When he’s not in the research lab, Ter-Ovanesyan often contributes to outreach initiatives such as Science in the News (SITN), which organizes free public lectures for lay audiences, and summer science programs for high schoolers. Last summer, he flew to Poland to lead a group of high school student researchers at the School of Molecular and Theoretical Biology. “You basically teach the kids how to work in a lab but through a real research problem, as opposed to just teaching them to do PCR just for the sake of it,” Ter-Ovanesyan says. “Choosing a research question is difficult, because it has to be a real research question, but it has to be manageable for them.”
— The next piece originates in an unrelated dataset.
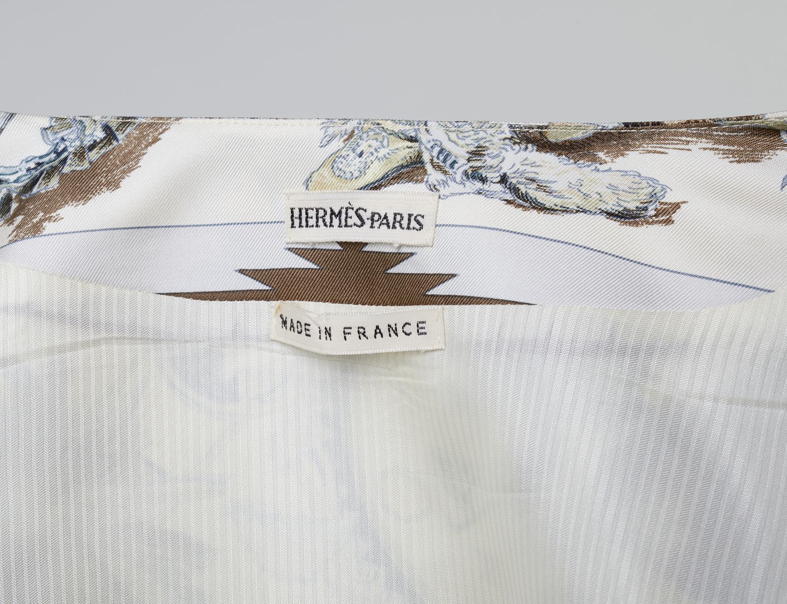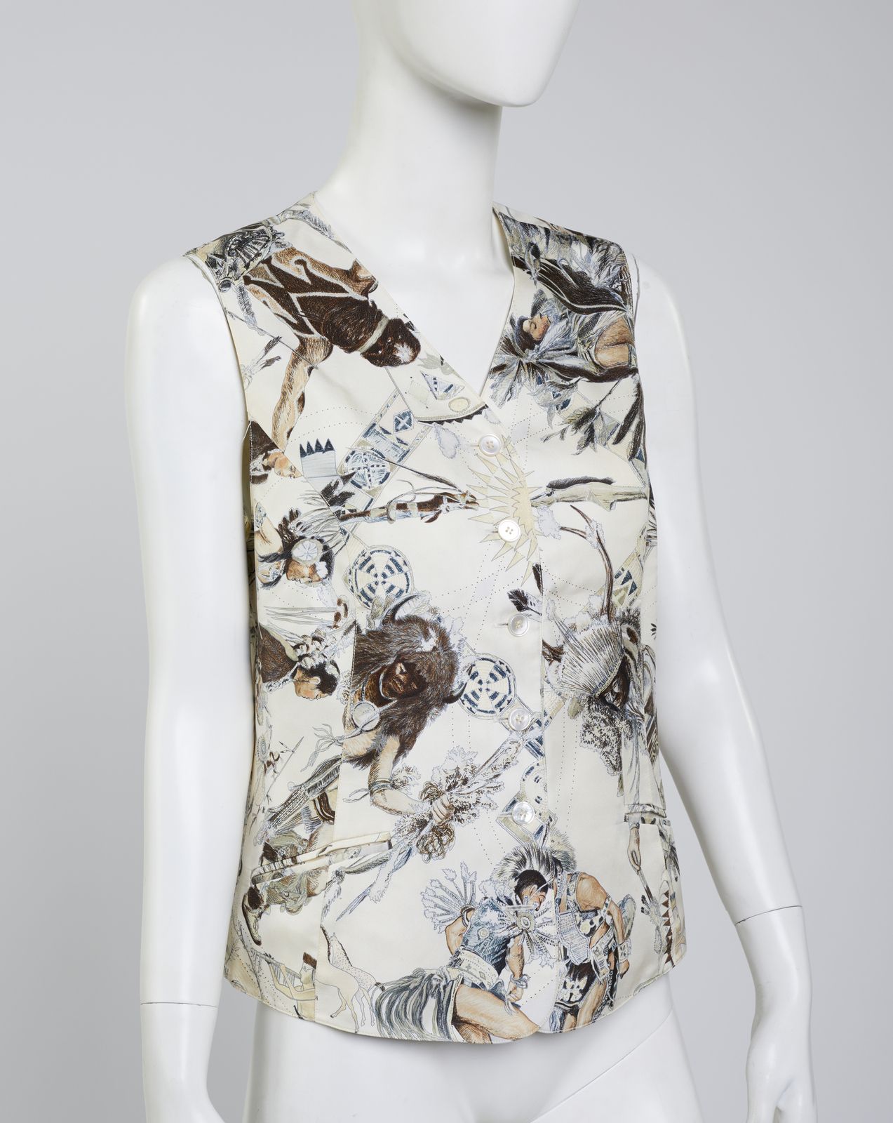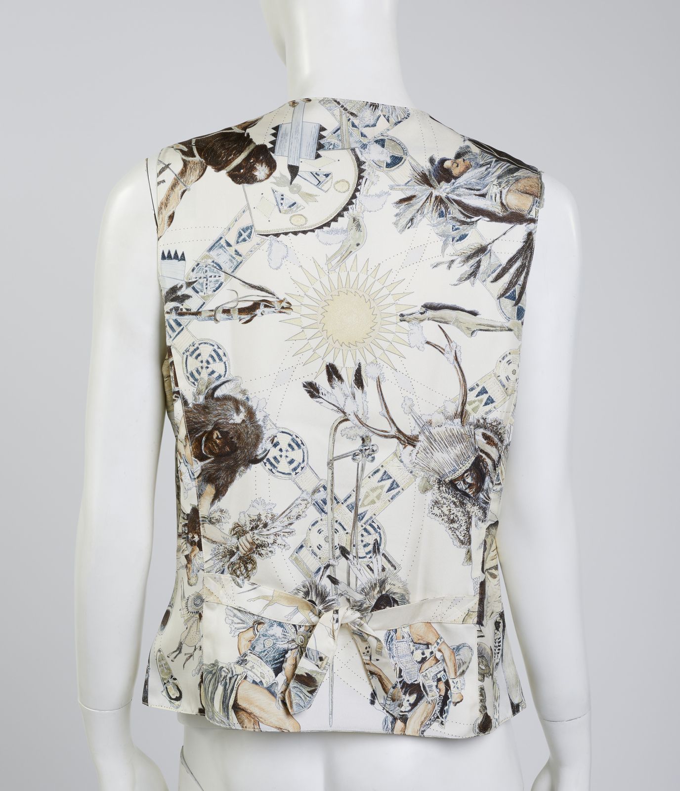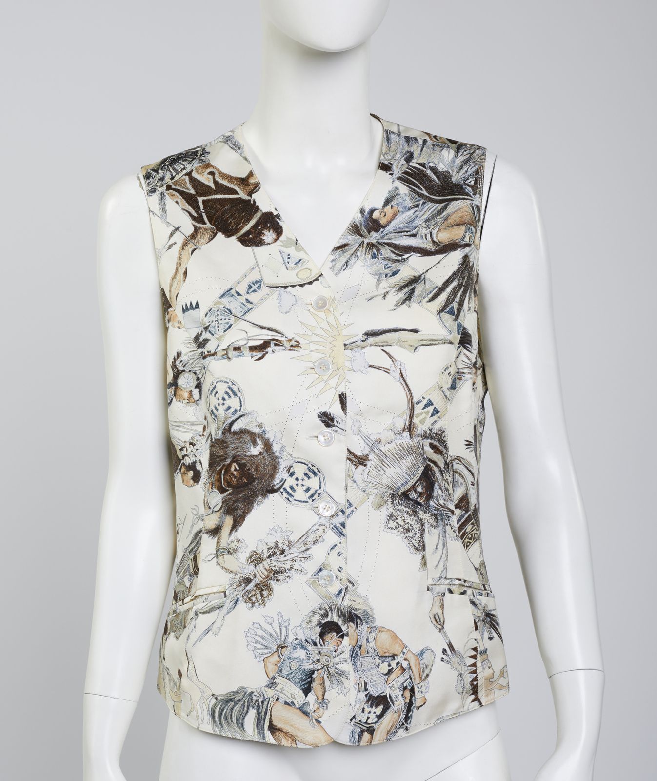 Gilet Hermès in 100% seta, made in France, stampata con motivo'Les Danses des Indiens', realizzato da Kermit Oliver dal 1999, nei toni prevalenti del bianco, beige, grigio e nero. Spalla 34 cm , vita 44 cm.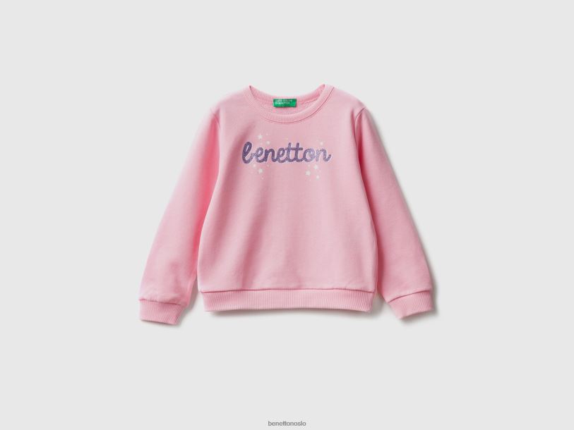 rosa Benetton barn genser i økologisk bomull med glitrende trykk 20TRB2932

He asked the high school students to try killing the cells many different ways, and then they collected the DNA released by dying cells for analysis. Methods of cellular execution included freezing, frying, drowning the cells in ethanol, and poisoning with drugs. “Sometimes they would accidentally kill the cells…[but] we could add that to the list of experimental conditions,” Ter-Ovanesyan says.
He has also worked as a teaching fellow during five different semesters, going well beyond MCO’s required two semesters.
After nearly eight years working on his thesis, Ter-Ovanesyan will complete his Ph.D. this fall. He’ll stay on at the Wyss Institute branch of the Church Lab and continue his basic research. However, the exosome isolation techniques he’s developing will be used in a study of gene expression changes in neurons affected by Parkinson’s.
“The use of exosomes diagnostically is limited by our lack of understanding of their biology,” he explains. “I wasn’t planning on working on developing diagnostics when I started grad school, but, when I realized that some of my findings unexpectedly had some diagnostic applications, I decided to go for it.”